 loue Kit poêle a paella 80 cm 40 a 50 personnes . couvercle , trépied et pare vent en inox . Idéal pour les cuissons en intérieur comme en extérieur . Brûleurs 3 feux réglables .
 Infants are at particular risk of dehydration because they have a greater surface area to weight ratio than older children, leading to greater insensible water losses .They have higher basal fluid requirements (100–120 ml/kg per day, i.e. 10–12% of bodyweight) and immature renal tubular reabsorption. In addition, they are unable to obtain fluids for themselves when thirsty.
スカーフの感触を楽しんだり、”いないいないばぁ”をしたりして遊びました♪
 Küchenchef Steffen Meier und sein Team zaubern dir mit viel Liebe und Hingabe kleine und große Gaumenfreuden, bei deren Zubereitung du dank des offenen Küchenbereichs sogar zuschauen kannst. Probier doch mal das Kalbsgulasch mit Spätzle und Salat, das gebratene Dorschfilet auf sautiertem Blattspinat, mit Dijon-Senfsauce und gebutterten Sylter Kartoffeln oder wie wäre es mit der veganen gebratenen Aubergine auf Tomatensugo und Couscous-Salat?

****************************************

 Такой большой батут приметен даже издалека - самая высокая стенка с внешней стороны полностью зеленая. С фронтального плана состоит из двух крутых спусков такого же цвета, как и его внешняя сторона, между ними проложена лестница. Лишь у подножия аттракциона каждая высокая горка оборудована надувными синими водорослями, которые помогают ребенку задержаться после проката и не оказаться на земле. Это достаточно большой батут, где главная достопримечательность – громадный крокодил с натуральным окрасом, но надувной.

****************************************

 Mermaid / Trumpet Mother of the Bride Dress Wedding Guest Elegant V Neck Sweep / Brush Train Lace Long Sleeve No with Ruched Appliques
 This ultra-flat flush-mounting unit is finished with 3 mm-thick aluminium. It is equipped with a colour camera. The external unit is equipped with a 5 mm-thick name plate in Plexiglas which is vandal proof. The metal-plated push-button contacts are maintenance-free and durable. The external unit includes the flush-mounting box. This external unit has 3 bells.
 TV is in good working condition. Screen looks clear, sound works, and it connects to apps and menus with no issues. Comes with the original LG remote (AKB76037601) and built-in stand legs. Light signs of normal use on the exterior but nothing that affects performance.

****************************************

Task directions:
In the listing above, find the line with "This ultra-flat flush-mounting" and the line with "TV is in good"; output exactly those lines and all lines between them.

Task result:
 This ultra-flat flush-mounting unit is finished with 3 mm-thick aluminium. It is equipped with a colour camera. The external unit is equipped with a 5 mm-thick name plate in Plexiglas which is vandal proof. The metal-plated push-button contacts are maintenance-free and durable. The external unit includes the flush-mounting box. This external unit has 3 bells.
 TV is in good working condition. Screen looks clear, sound works, and it connects to apps and menus with no issues. Comes with the original LG remote (AKB76037601) and built-in stand legs. Light signs of normal use on the exterior but nothing that affects performance.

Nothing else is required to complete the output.